DNN Accelerator - newlife-js/Wiki GitHub Wiki
by 서울대학교 이재욱 교수님
Performance Analysis
Performance Metrics
Time
- Wall-clock time, response time, elapsed time: time from start to completion
- CPU time: spent time for given program
= seconds/program = (cycles/program) x (seconds/cycle)
= (instructions/program) x (cycles x instruction) x (seconds/cycle)
-> Iron Law of CPU Performance - CPI(Cycles per instruction)

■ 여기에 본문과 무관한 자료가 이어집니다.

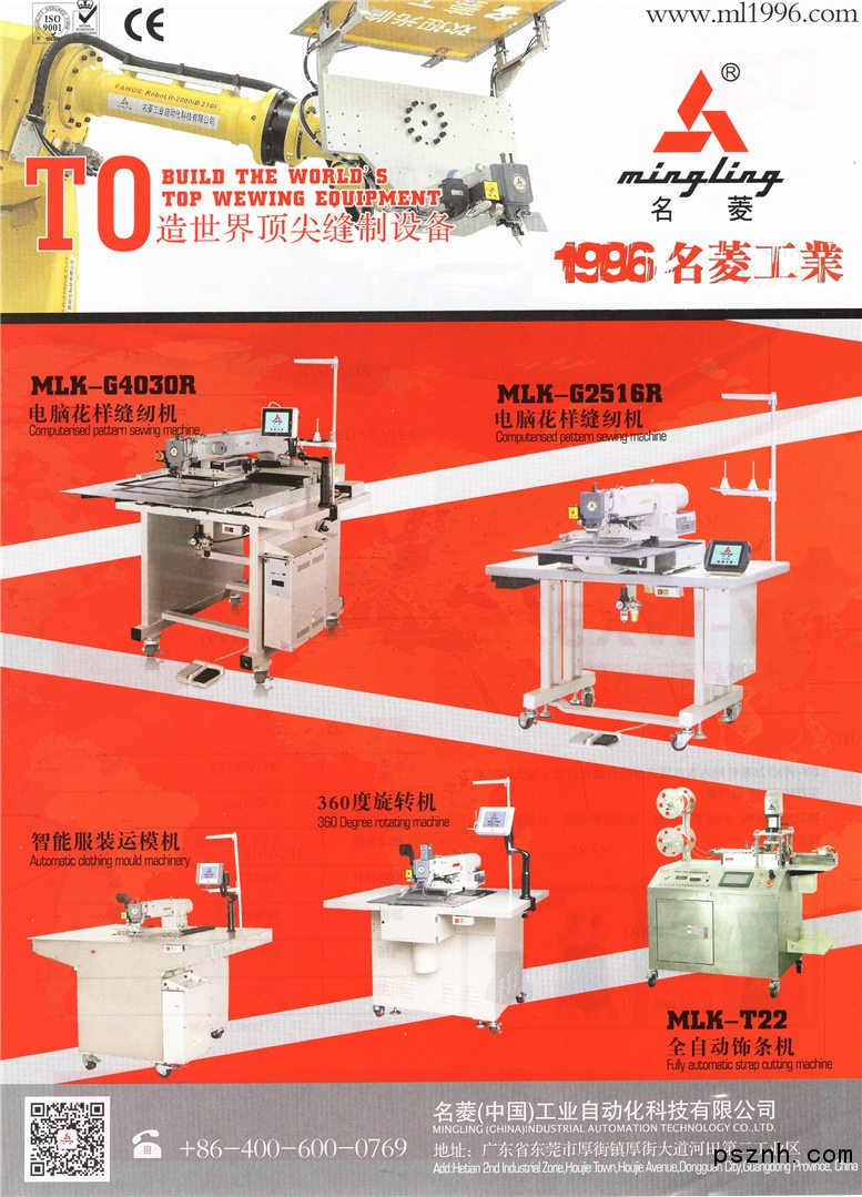 2006年成立正南(中國)精密自動化設備有限公司,主要産銷自主品牌名菱MLK-系列電腦 花樣縫紉,是目前同類産品中较早獲得國家縫紉機質檢中心質量達標的産品之一。我們率先攜同 中國縫紉機質檢中心,中國縫制機械標准化委員會,定制中國電腦花樣縫紉機國家標准。已 通過ISO9001:2008國際質量管理體系及CE認證,完全自主研發的名菱MLK-G控制系統以優 良的品質,穩定的性能、高新的技術含量、超前服務及合理的價格,博得全球客戶的壹致青 睐。

- Factors involve in the CPU Time
ISA: RISC(명령어 세팅 개수가 적음) vs CISC(복잡한 명령어 세팅)
Rate(throughput)
- MIPS(million instructions per second)
MIPS가 클수록 빠른 CPU - MFLOPS(million floating-point operations per second)
Mean
-
Arithmetic mean(performance in times)
∑Execution Times / n
각 benchmark가 같은 횟수만큼 실행된다고 가정
-> Weighted Arithmetic Mean: ∑W x Execution Times / ∑W -
Harmonic Mean(performance in rates)
n / ∑(1/R) -> Weighted Harmonic Mean: ∑W / ∑ (W/R)
Roofline Model
Performance of accelerators
Computation
Floating point performance(GFLOP/sec) is the main target
- peak performance: ample parallelism, balanced combination of floating point inst., rare branch mispredictions, no thread divergence
Communication
DRAM bandwidth(GB/sec) is the main concern
- peak bandwidth: few unit stride access streams, locality-aware NUMA allocation and usage, SW prefetching, memory coalescing
Locality
Maximize cache locality to minimize communication overhead
hardware change: larger cache capacity(capacity miss), higher cache associativity(conflict miss), non-allocating caches(compulsory traffic)
sw optimization: padding avoids conflict misses, blocking avoids capacity misses, non-allocating stores minimize compulsory traffic
Arithmetic Intensity(AI)
Total floating point operations / Total DRAM bytes accesses (FLOP/bytes)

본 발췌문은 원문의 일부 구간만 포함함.